In a second approach, we restricted the analysis to animals, to limit the biases generated by too divergent outgroups, and eliminating all the sites containing missing data. The addition of more divergent outgroups to a given dataset already containing an outgroup is known to decrease the reliability of phylogenetic reconstruction, rather than increasing it. This is due to a phenomenon analogous to the LBA artefact. Therefore, since the outgroup status of sponges is not dubious (and confirmed by our 7 species dataset analyses) it is better not to use the yeast in more refined analyses. This resulted in a 4638 amino-acid dataset for 6 species with sponges as the outgroup. This dataset was analysed by a range of methods including the most recent ones; they are presented below, with their relative advantages and susceptibility to artefacts, and either using the amino-acid or the nucleotide sequence data, and in the last case, either using codon models, or nucleotide models with different partitions of codon positions. From that combination of analyses we will identify which are the most important artefacts and which are the solutions.

We first used a homogeneous stationary Maximum likelihood method implemented by PhyML [75]. On the amino-acid data set, we used the WAG empirical model of evolution, estimating the proportion of invariant sites by maximising the likelihood, and assuming a gamma shape distribution of rates of substitution among sites with a value of 2 for the gamma parameter. The corresponding 13914 nucleotide sequence alignments were also analysed with PhyML. We used several codon position partitions (first and second positions, second position only, and all three positions) for most types of analyses. MrAIC [76] was used to determine the best model of nucleotide evolution using Akaike criteria. The best model selected was then used to obtain a consensus tree from 100 bootstraps of PhyML analyses, and we computed approximate likelihood ratio test branch supports for this model using aLRT-PhyML [77]. PhyML uses a starting tree to explore the space of possible trees: we used both the BIONJ starting tree option (in which the starting tree is inferred by BIONJ) and a "user defined starting tree", where the chaetognath was at the base of a protostome clade, to possibly avoid a bias of LBA at this step since BIONJ is sensible to LBA (see results and discussion). ML trees were also reconstructed assuming codon models of substitution, which combine the information at the amino-acid level (non synonymous changes, less saturation) and nucleotide level (compositional biases, codon preference) using the HyPHY package [78].
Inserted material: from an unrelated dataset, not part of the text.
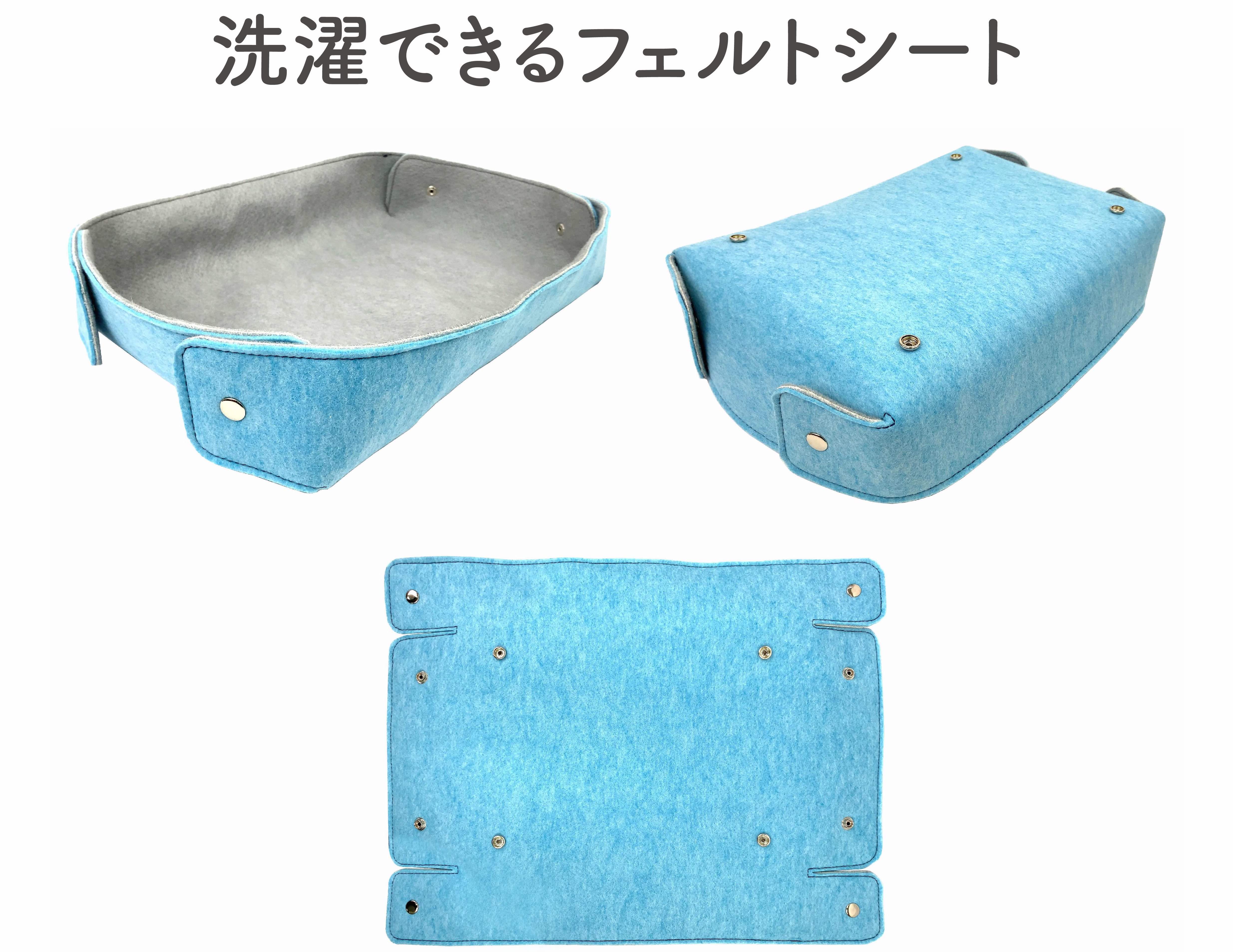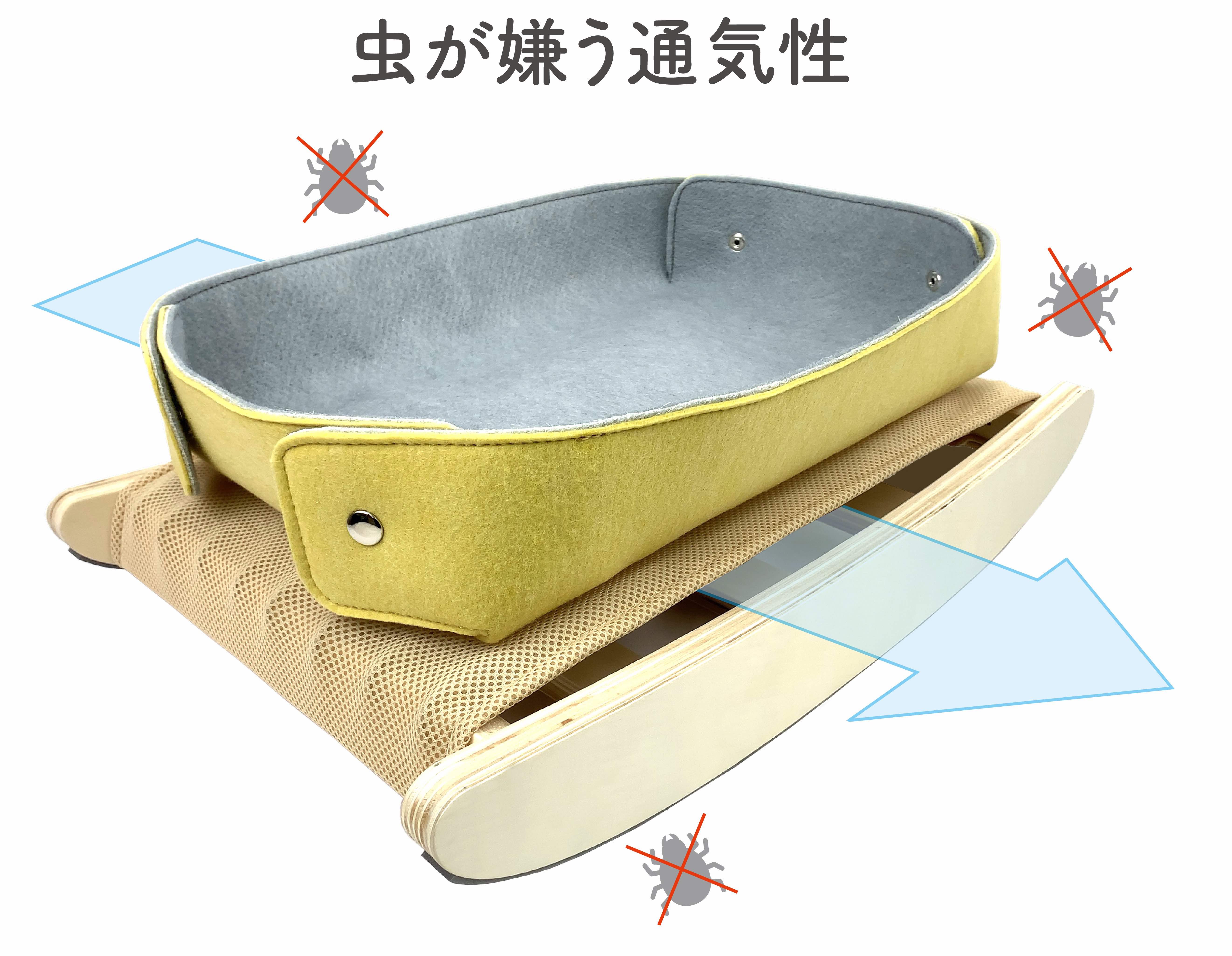 ばねの上にフェルトシートがあるため、ハンモックのように通気性が良くノミなどの虫が好む湿度を低くすることで虫の発生を抑える効果が高まります。

Non ML methods were also used on these data sets using MEGA version 3.1 [79], parsimony, and Neighbour Joining with the LogDet distance, in an attempt to overcome the problem of mutual attraction of the branches which have the same compositional bias. In effect, even the most rich parameter models of classical available ML methods are stationary and homogeneous (i.e., they assume that the same matrix of substitution applies to all branches of the tree and all sites, therefore compositional biases may lead to wrong topology with high bootstrap and high aLRT branch support). Using MEGA, we computed the base composition of each taxon, and performed relative tests of evolutionary rate among taxa, allowing to identify taxa susceptible to be artefactually joined because of similar nucleotide composition or evolutionary rates (long branch attraction).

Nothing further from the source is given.